Venkatesan Guruswami and Atri Rudra

Limits to list decoding Reed-Solomon codes

Abstract : Starting with the seminal work of Shannon in 1948, much progress was made in the construction of good error-correcting codes with efficient decoding algorithms for the probabilistic noise model. However, in the adversarial noise model, all decoding algorithms were constrained by the necessity to output a unique codeword. This in turn implies that the number of errors is upper bounded by half the minimum distance of the code. List-decoding circumvents this issue by allowing the decoding algorithm to output a list of codewords with the guarantee that the list contains the transmitted codeword. Note that such a tradeoff is necessary as insisting on decoding with unique codeword makes it impossible to correct errors more than half the minimum distance. While this notion was introduced in the 1950's, efficient list decoding algorithms remained elusive until the work of Sudan in the mid 1990's. Guruswami and Sudan devised a polynomial time list decoding algorithm for an important and well-studied code called the Reed-Solomon (RS) code. Their algorithm satisfies a certain trade-off with respect to the number of errors it can handle --- we call this trade-off the Johnson bound.

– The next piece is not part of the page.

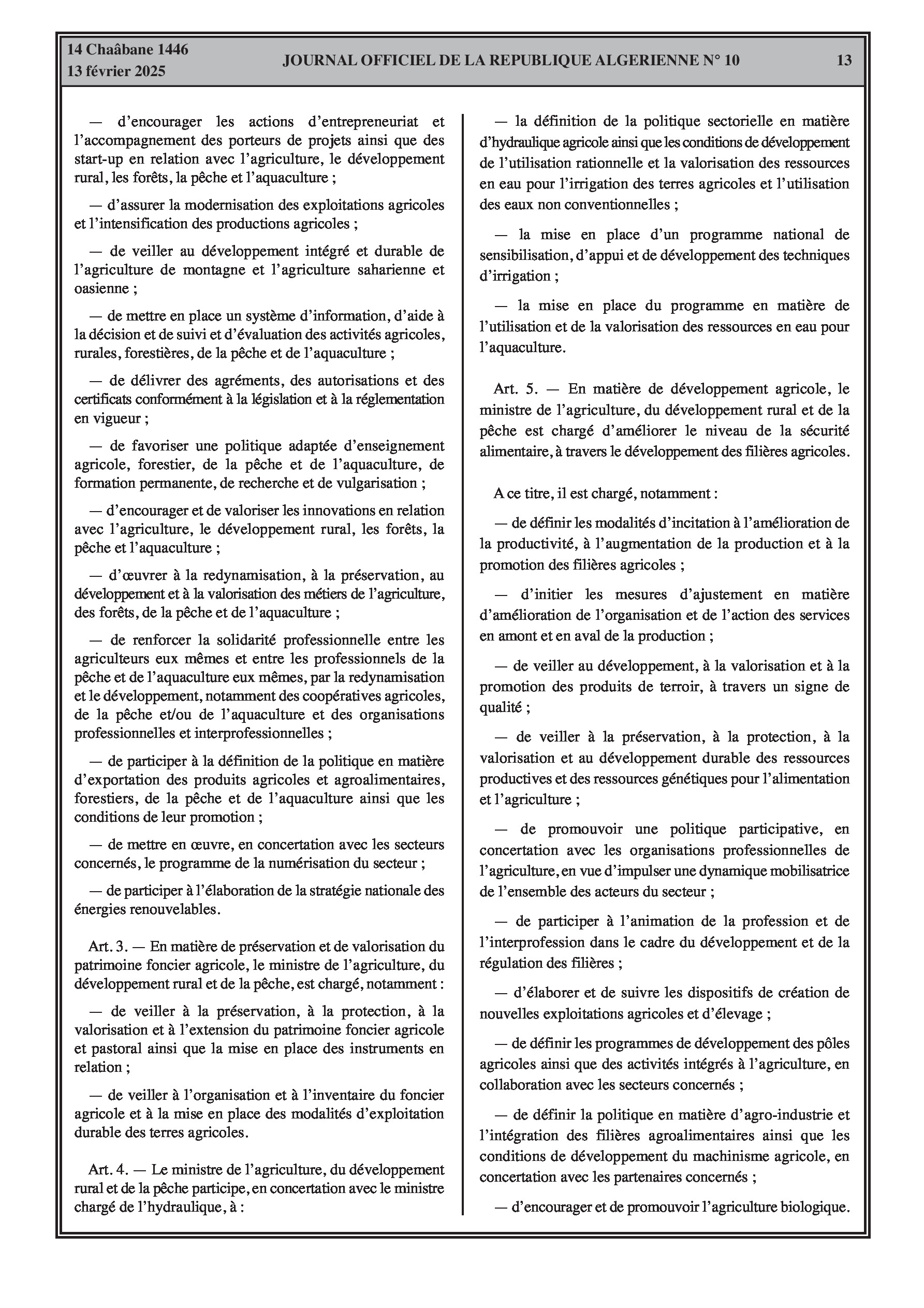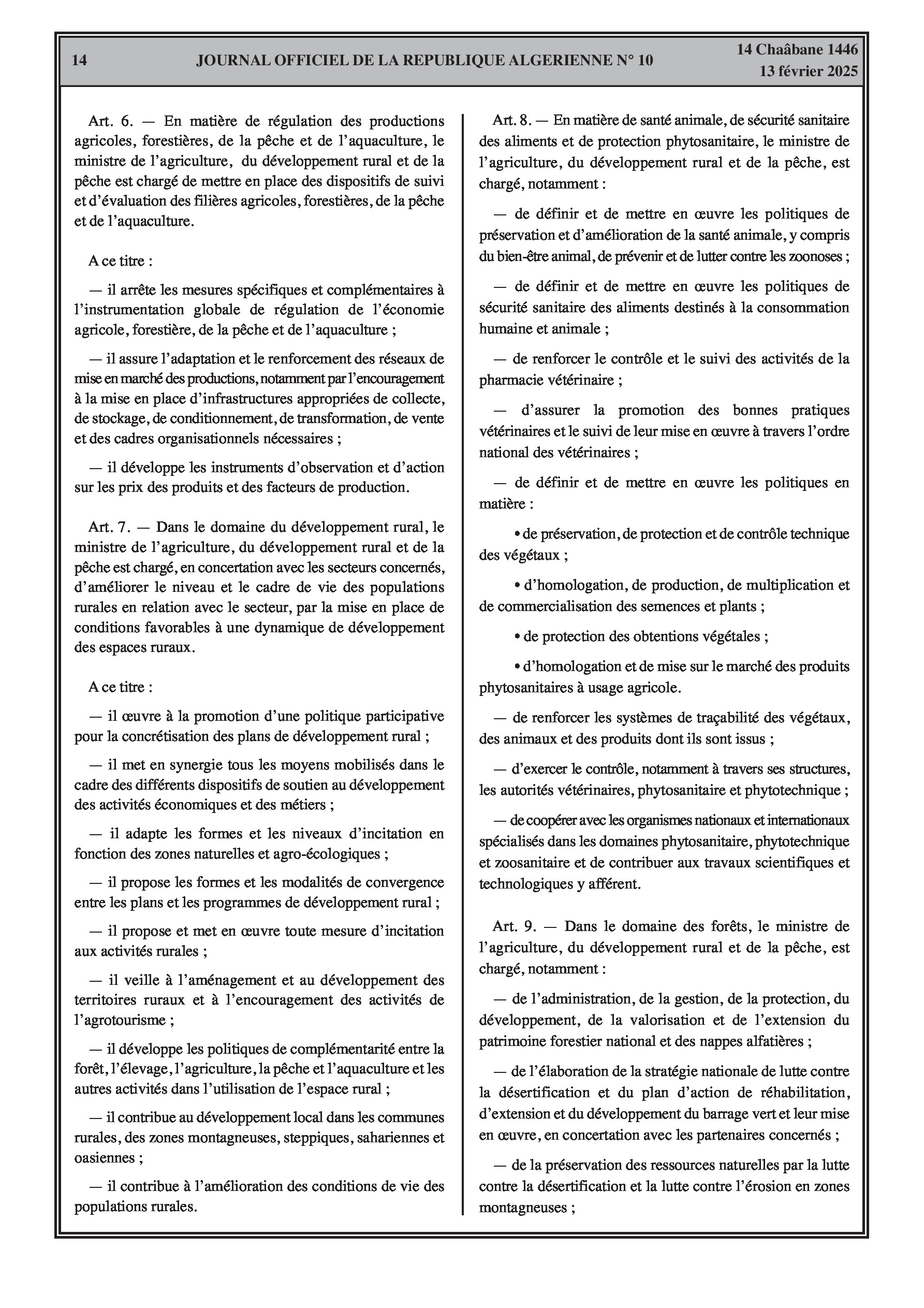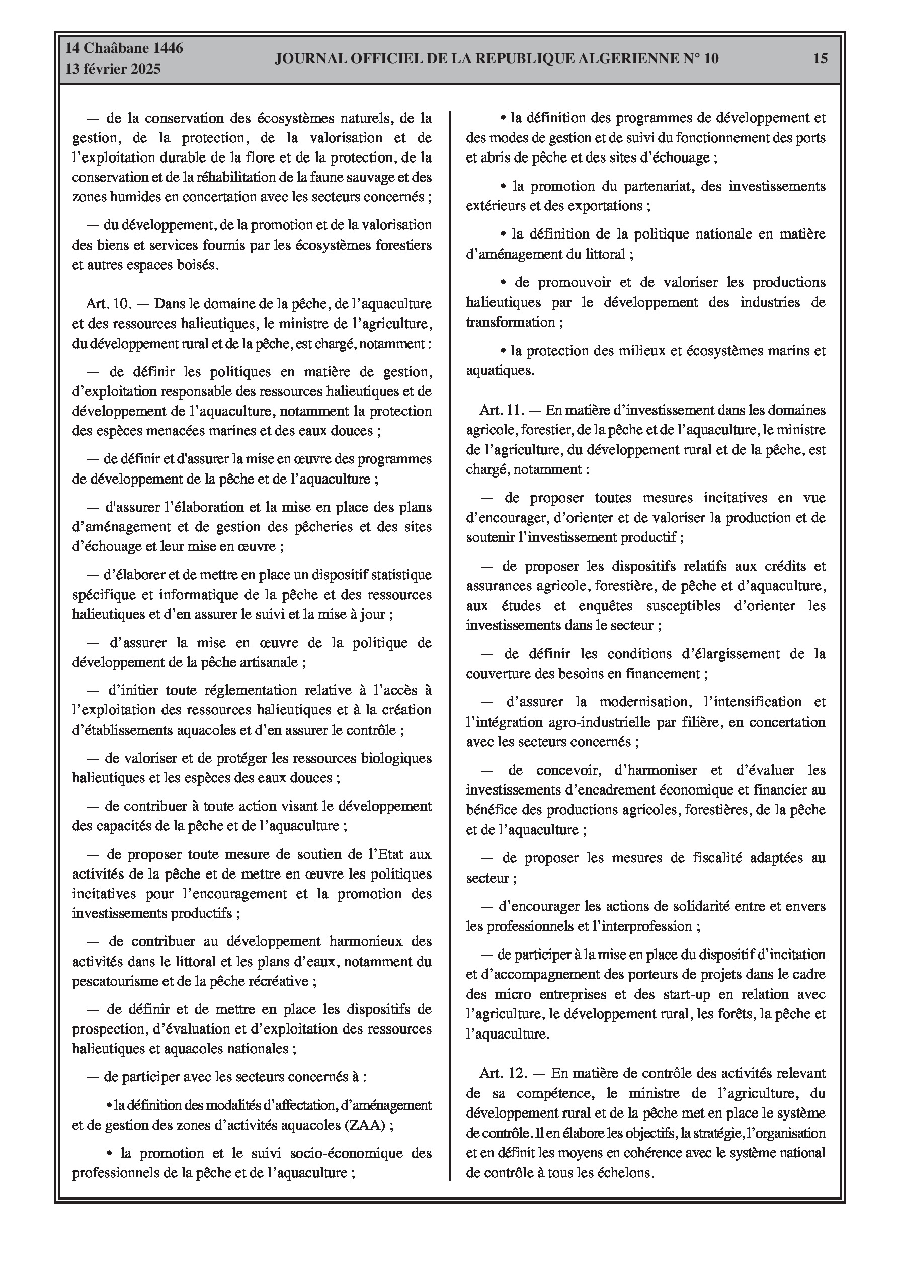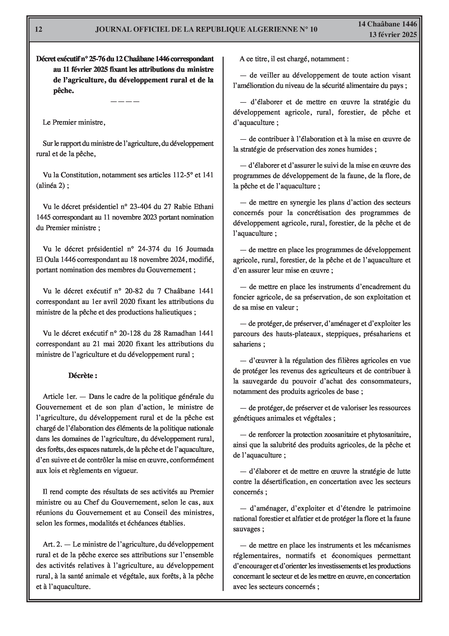Le décret exécutif n° 25-76 établit les attributions du ministre de l'Agriculture, du Développement Rural et de la Pêche, couvrant l'agriculture, le développement rural, les forêts, la pêche et l'aquaculture.
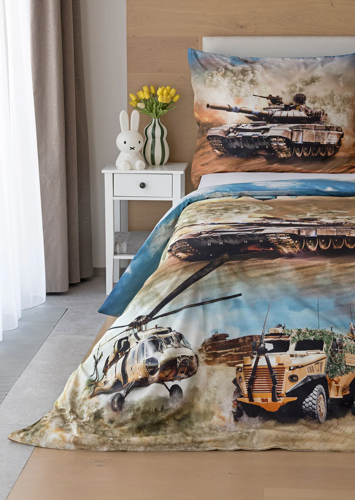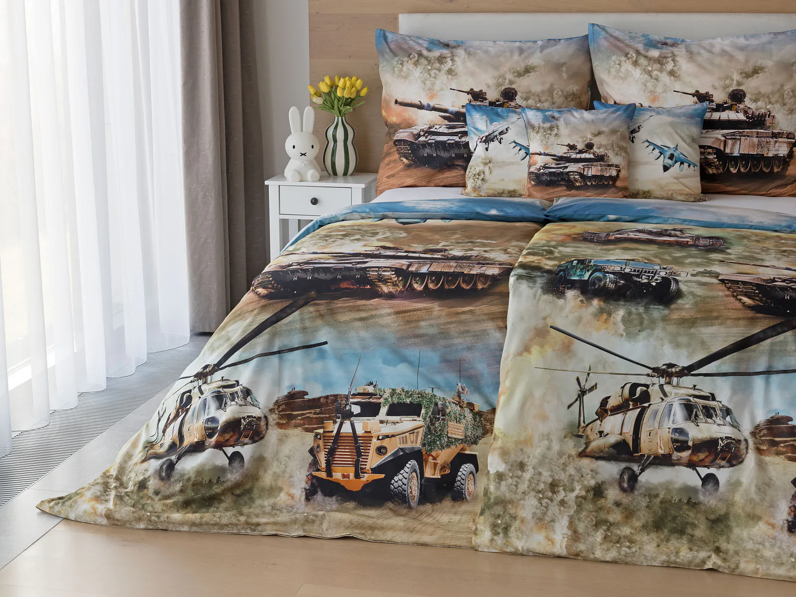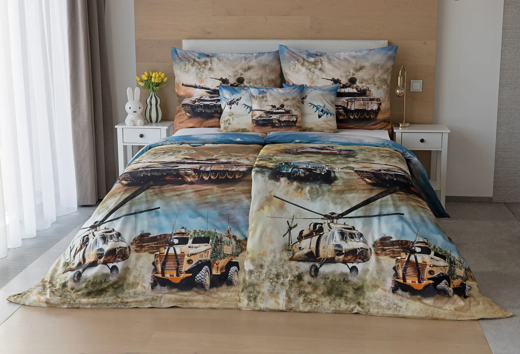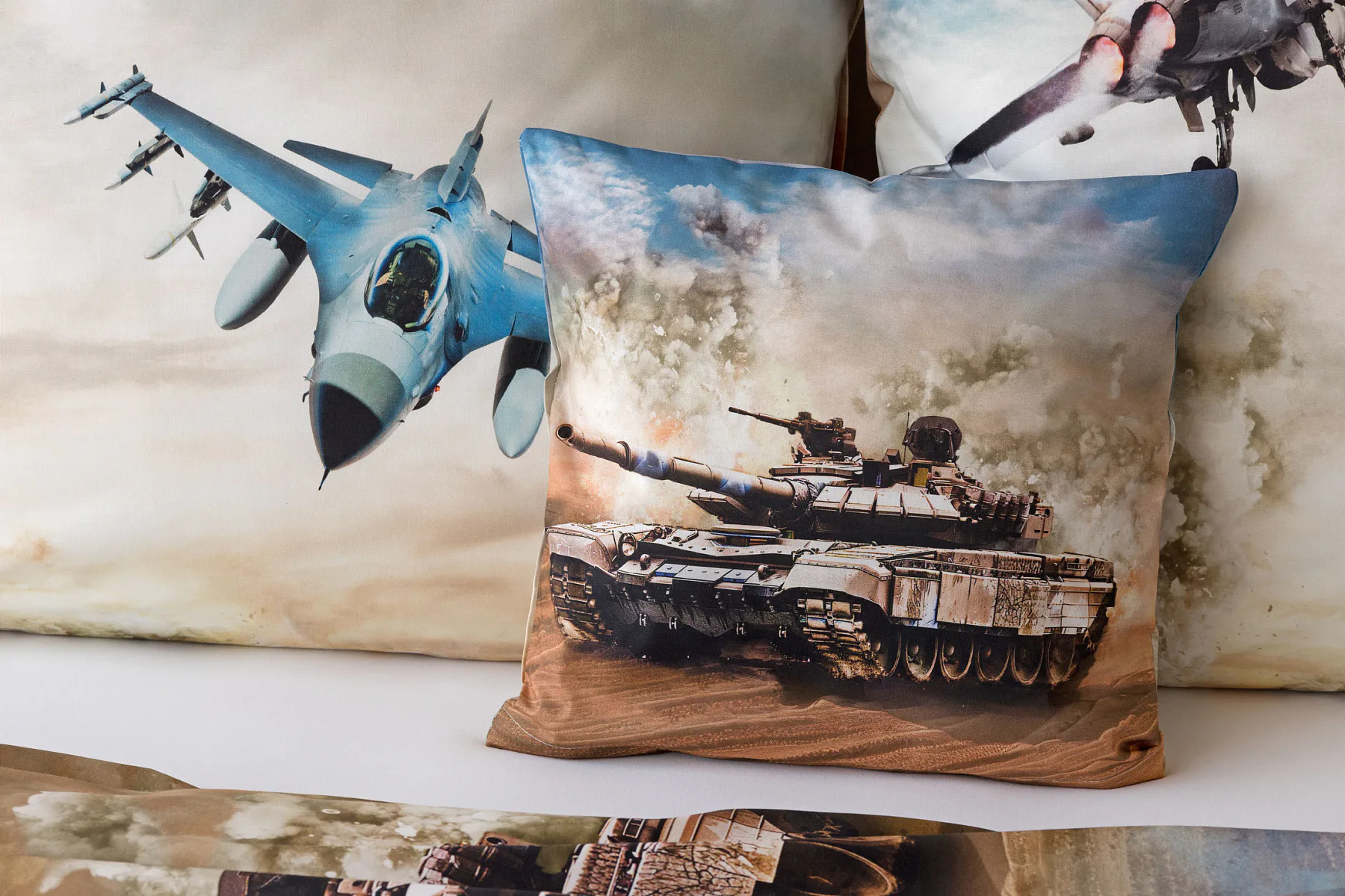 Povlak na přikrývku je z obou stran stejný. Povlak na polštář zachycuje z každé strany jiný motiv (vrchní stranu zdobí motiv stíhaček, spodní strana zachycuje motiv tanku). Na lícové straně polštáře je v pravém dolním rohu umístěno malé logo „M“. Povlečení je vyrobeno ze 100% bavlny a je opatřeno praktickým zipovým uzávěrem.

Subsequent works have achieved better tradeoffs (see for example our work in STOC06) for other codes. However, Reed-Solomon codes are important codes in their own right and it will be nice to pin point the correct tradeoff achievable for such codes.

In this work, we show that for a generalization of the list decoding of RS code, called polynomial reconstruction, no algorithm can tolerate more error than the Johnson bound. In particular this shows that a RS list decoding algorithm that solves the general problem of polynomial reconstruction (like the Guruswami-Sudan algorithm) cannot go beyond the square root bound.